### EXERCISE REQUIREMENTS
The entries below are to be written out exactly, with no images included.

### EXTRACTED ENTRIES
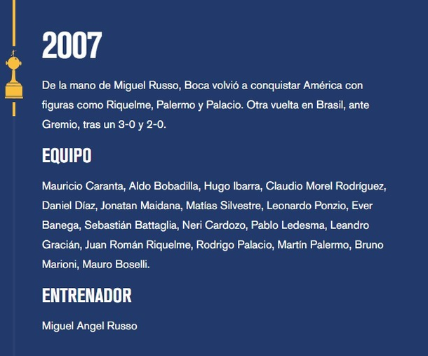 Insólito error en la web oficial de Boca: referente de River aparece como campeón de la Copa Libertadores 2007
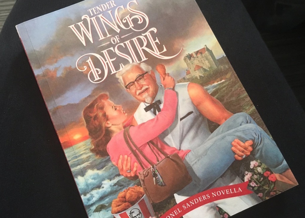 今年5月母亲节,肯德基出版了一本浪漫爱情小说来搞营销,书的名字叫《Tender Wings of Desire》,故事的男主角是品牌Logo上的老爷爷—山德士上校。
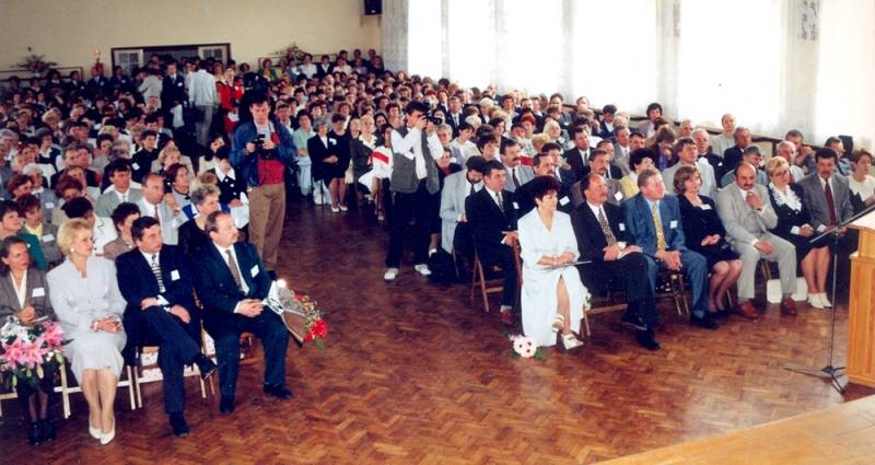 Fot. w kolejności: sala komputerowa, dyrektor M. Borys, , wmurowanie kamienia węgielnego pod nowe obiekty, nowe skrzydło w stanie surowym, I zjazd absolwentów, nowe skrzydło szkoły, dyrektor I. Dłu-gołęcki, podpisanie porozumienia.
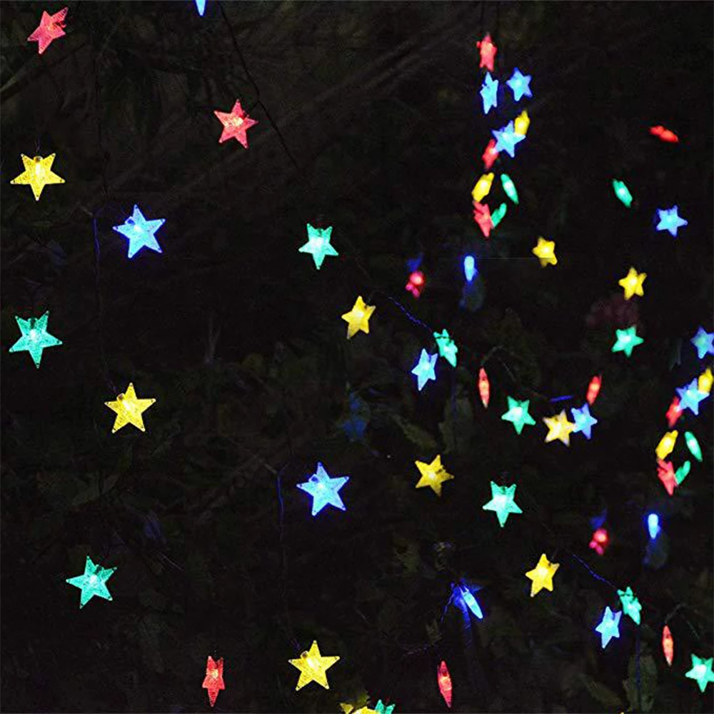 Bunte Solar Lichterkette 3M mit 20 Sternen-LEDs, Dunkelgrün Kabel, Mehrfarbige Licht, für Außen
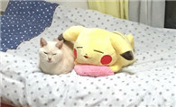 日本猫咪撞脸皮卡丘抱枕 睡姿表情神同步
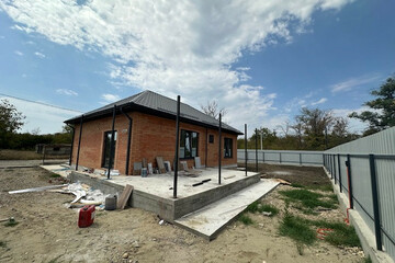 - Участок по периметру огорожен забором на ленточном фундаменте с откатными воротами.
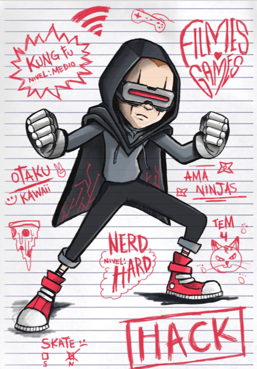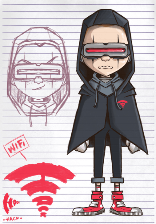 Personagem: Shad Red é um garoto de 16 anos que é apaixonado por ciências. Em uma feira de ciências ao realizar a apresentação de um dispositivo capaz de ativar aparelhos por meio de movimentos algo inexplicável aconteceu dando poderes de controlar e se comunicar com aparelhos. Shad então se torna o Hack e decidi usar seus novos poderes para melhorar o sistema e ajudar os indefesos e injustiçados.
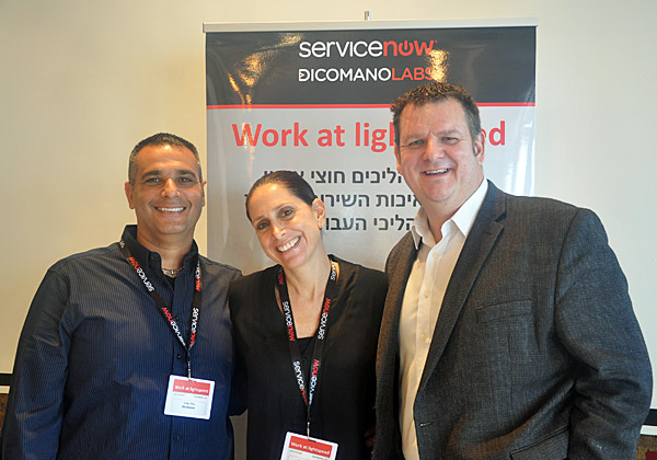 מימין: כריס פופ, סמנכ"ל החדשנות של ServiceNow; לימור אפיק, מנהלת אזורית ב-ServiceNow; וגילי סהר, מנכ"ל דיקומנו לאבס. צילום: יח"צ
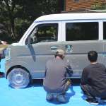 マスキングと足付けがかなりの手間というのが実感だ。今回は窓から下をグレー塗装とし、元のボディ色である白との2トーン仕上げとするが、軽自動車とはいえバンタイプは表面積が大きいし、なにより屋根部分は高所作業となり大変だ。「バンタイプを塗ってみたい!」方、特にビギナーならば、2トーン仕上げを選択肢に入れるといいと思う。
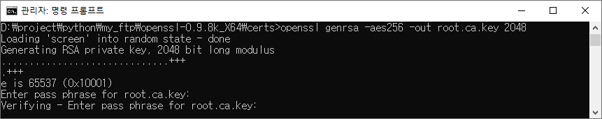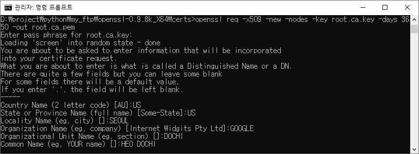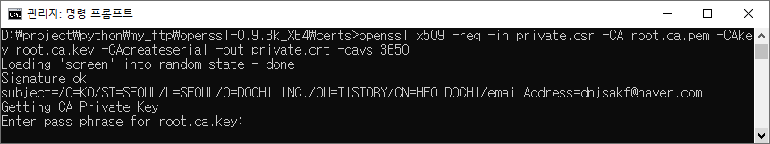 Enter pass phrase for root.ca.key: [패스워드 입력]
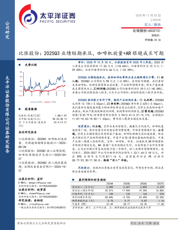 【太平洋证券】【202511】比依股份:2025Q3业绩短期承压,咖啡机放量+AR眼镜成长可期-4页
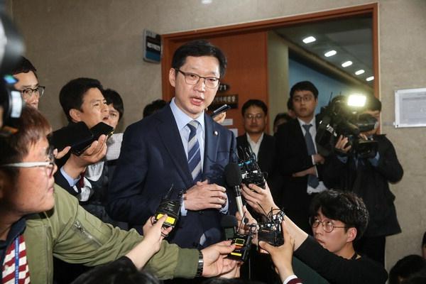 더불어민주당 김경수 의원이 19일 오후 서울 여의도 국회 정론관에서 경남도지사 출마를 선언한뒤 기자들의 질의에 답하고 잇다. 김종호 기자 kimjh@포털 댓글 여론조작 혐의를 받는 더불어민주당 당원 김 모(48, 필명 '드루킹') 씨가 민주당 김경수 의원에게서 특정 언론보도 주소(URL)를 전송받은 뒤 "처리하겠다"고 답변한 사실이 확인됐다.
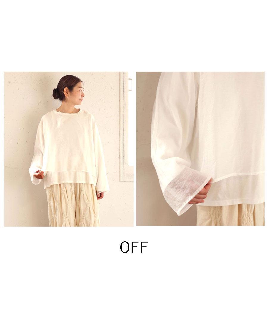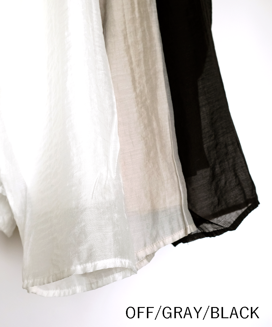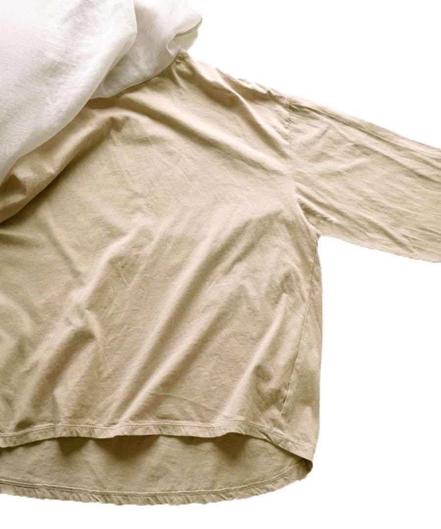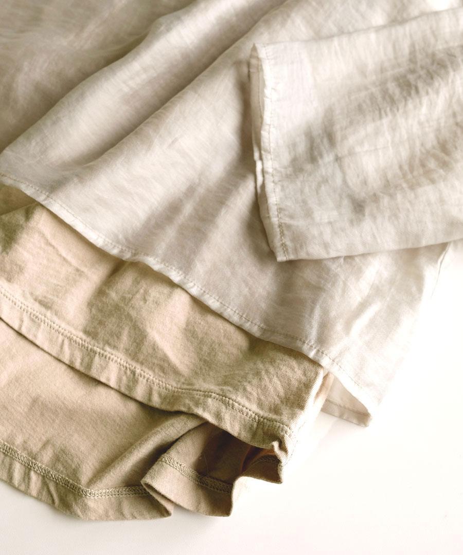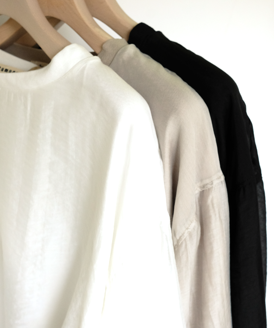 柔らかなコットン天竺と、上品な光沢感と透け感のあるエアシアーツイルを贅沢に重ねました。シンプルながらも、素材の重なりが着こなしに程よいアクセントを添えてくれます。
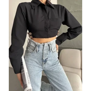 Yanı kemer detaylı crop gömlek siyah s4009
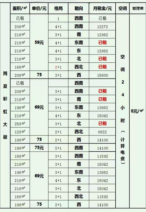 彩虹大廈 信息表
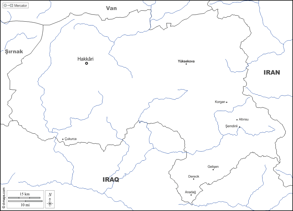 d-maps > एशिया > तुर्की > हक्करी > सीमाओं, जल-सर्वेक्षण, मुख्य शहरों, नाम, सफेद

### EXERCISE SOLUTION
 Insólito error en la web oficial de Boca: referente de River aparece como campeón de la Copa Libertadores 2007
 今年5月母亲节,肯德基出版了一本浪漫爱情小说来搞营销,书的名字叫《Tender Wings of Desire》,故事的男主角是品牌Logo上的老爷爷—山德士上校。
 Fot. w kolejności: sala komputerowa, dyrektor M. Borys, , wmurowanie kamienia węgielnego pod nowe obiekty, nowe skrzydło w stanie surowym, I zjazd absolwentów, nowe skrzydło szkoły, dyrektor I. Dłu-gołęcki, podpisanie porozumienia.
 Bunte Solar Lichterkette 3M mit 20 Sternen-LEDs, Dunkelgrün Kabel, Mehrfarbige Licht, für Außen
 日本猫咪撞脸皮卡丘抱枕 睡姿表情神同步
 - Участок по периметру огорожен забором на ленточном фундаменте с откатными воротами.
 Personagem: Shad Red é um garoto de 16 anos que é apaixonado por ciências. Em uma feira de ciências ao realizar a apresentação de um dispositivo capaz de ativar aparelhos por meio de movimentos algo inexplicável aconteceu dando poderes de controlar e se comunicar com aparelhos. Shad então se torna o Hack e decidi usar seus novos poderes para melhorar o sistema e ajudar os indefesos e injustiçados.
 מימין: כריס פופ, סמנכ"ל החדשנות של ServiceNow; לימור אפיק, מנהלת אזורית ב-ServiceNow; וגילי סהר, מנכ"ל דיקומנו לאבס. צילום: יח"צ
 マスキングと足付けがかなりの手間というのが実感だ。今回は窓から下をグレー塗装とし、元のボディ色である白との2トーン仕上げとするが、軽自動車とはいえバンタイプは表面積が大きいし、なにより屋根部分は高所作業となり大変だ。「バンタイプを塗ってみたい!」方、特にビギナーならば、2トーン仕上げを選択肢に入れるといいと思う。
 Enter pass phrase for root.ca.key: [패스워드 입력]
 【太平洋证券】【202511】比依股份:2025Q3业绩短期承压,咖啡机放量+AR眼镜成长可期-4页
 더불어민주당 김경수 의원이 19일 오후 서울 여의도 국회 정론관에서 경남도지사 출마를 선언한뒤 기자들의 질의에 답하고 잇다. 김종호 기자 kimjh@포털 댓글 여론조작 혐의를 받는 더불어민주당 당원 김 모(48, 필명 '드루킹') 씨가 민주당 김경수 의원에게서 특정 언론보도 주소(URL)를 전송받은 뒤 "처리하겠다"고 답변한 사실이 확인됐다.
 柔らかなコットン天竺と、上品な光沢感と透け感のあるエアシアーツイルを贅沢に重ねました。シンプルながらも、素材の重なりが着こなしに程よいアクセントを添えてくれます。
 Yanı kemer detaylı crop gömlek siyah s4009
 彩虹大廈 信息表
 d-maps > एशिया > तुर्की > हक्करी > सीमाओं, जल-सर्वेक्षण, मुख्य शहरों, नाम, सफेद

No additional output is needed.